→ WORK INSTRUCTION
Could you repeat the listing exactly, leaving out the pictures?

→ SUPPLIED MATERIAL
=======

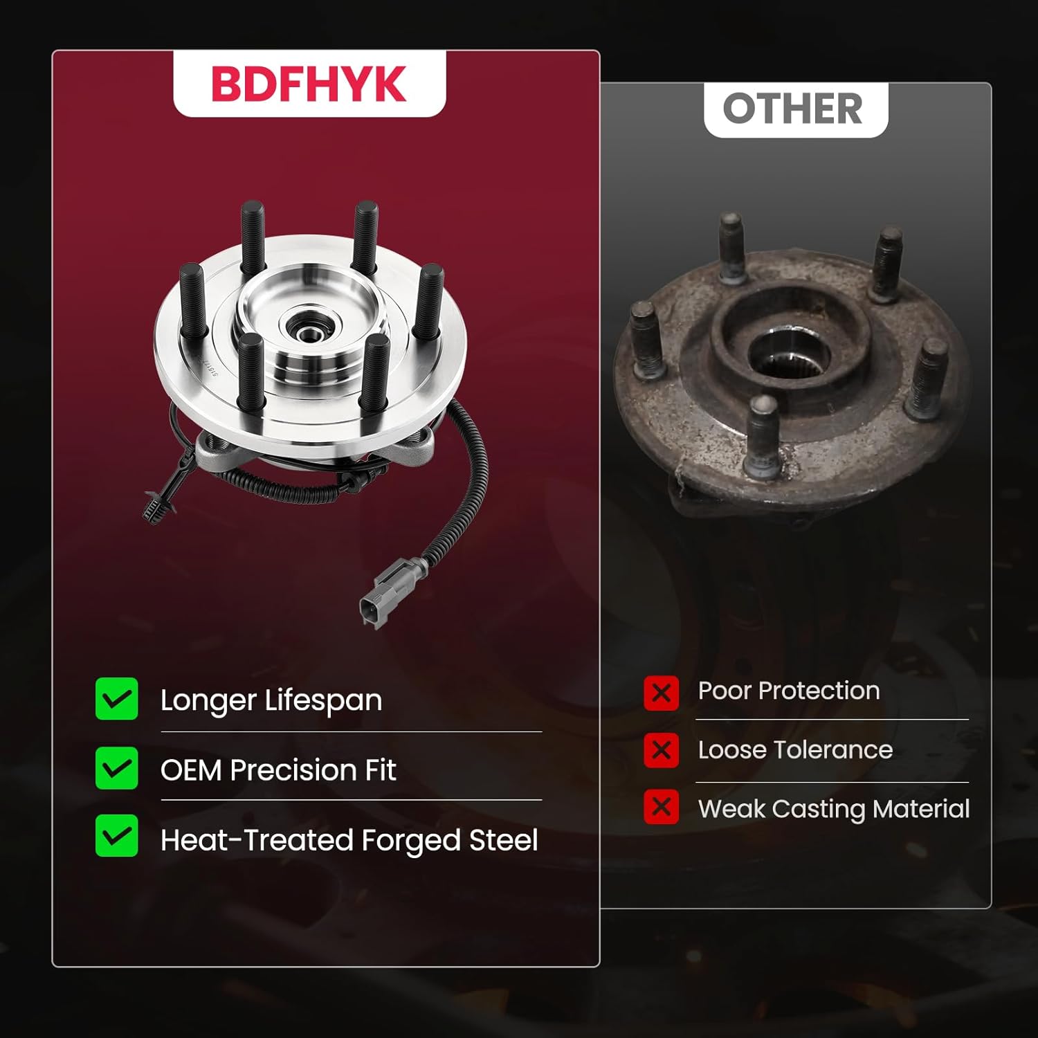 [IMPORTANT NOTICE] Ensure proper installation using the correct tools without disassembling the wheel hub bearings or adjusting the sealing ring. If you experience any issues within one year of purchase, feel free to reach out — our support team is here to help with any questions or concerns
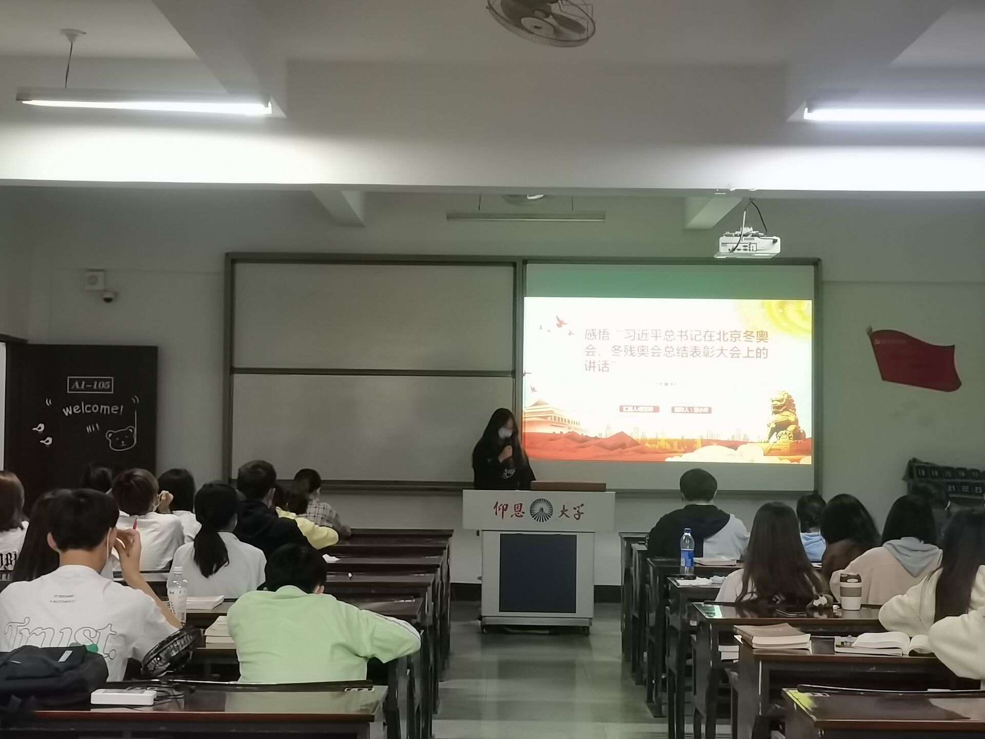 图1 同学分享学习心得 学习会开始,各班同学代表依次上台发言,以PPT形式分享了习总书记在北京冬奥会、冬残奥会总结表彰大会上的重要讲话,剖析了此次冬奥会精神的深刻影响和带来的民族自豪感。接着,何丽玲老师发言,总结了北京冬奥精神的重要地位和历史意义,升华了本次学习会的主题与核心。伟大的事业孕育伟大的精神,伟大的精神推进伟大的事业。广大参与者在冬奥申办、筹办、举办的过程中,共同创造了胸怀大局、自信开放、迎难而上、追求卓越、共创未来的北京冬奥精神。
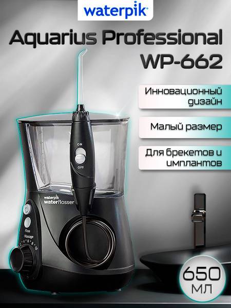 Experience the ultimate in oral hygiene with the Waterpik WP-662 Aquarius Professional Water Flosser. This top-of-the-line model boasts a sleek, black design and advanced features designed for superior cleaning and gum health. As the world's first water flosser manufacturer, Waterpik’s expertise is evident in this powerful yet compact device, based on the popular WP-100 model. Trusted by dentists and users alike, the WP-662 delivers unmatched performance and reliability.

=======

→ THE ANSWER
 [IMPORTANT NOTICE] Ensure proper installation using the correct tools without disassembling the wheel hub bearings or adjusting the sealing ring. If you experience any issues within one year of purchase, feel free to reach out — our support team is here to help with any questions or concerns
 图1 同学分享学习心得 学习会开始,各班同学代表依次上台发言,以PPT形式分享了习总书记在北京冬奥会、冬残奥会总结表彰大会上的重要讲话,剖析了此次冬奥会精神的深刻影响和带来的民族自豪感。接着,何丽玲老师发言,总结了北京冬奥精神的重要地位和历史意义,升华了本次学习会的主题与核心。伟大的事业孕育伟大的精神,伟大的精神推进伟大的事业。广大参与者在冬奥申办、筹办、举办的过程中,共同创造了胸怀大局、自信开放、迎难而上、追求卓越、共创未来的北京冬奥精神。
 Experience the ultimate in oral hygiene with the Waterpik WP-662 Aquarius Professional Water Flosser. This top-of-the-line model boasts a sleek, black design and advanced features designed for superior cleaning and gum health. As the world's first water flosser manufacturer, Waterpik’s expertise is evident in this powerful yet compact device, based on the popular WP-100 model. Trusted by dentists and users alike, the WP-662 delivers unmatched performance and reliability.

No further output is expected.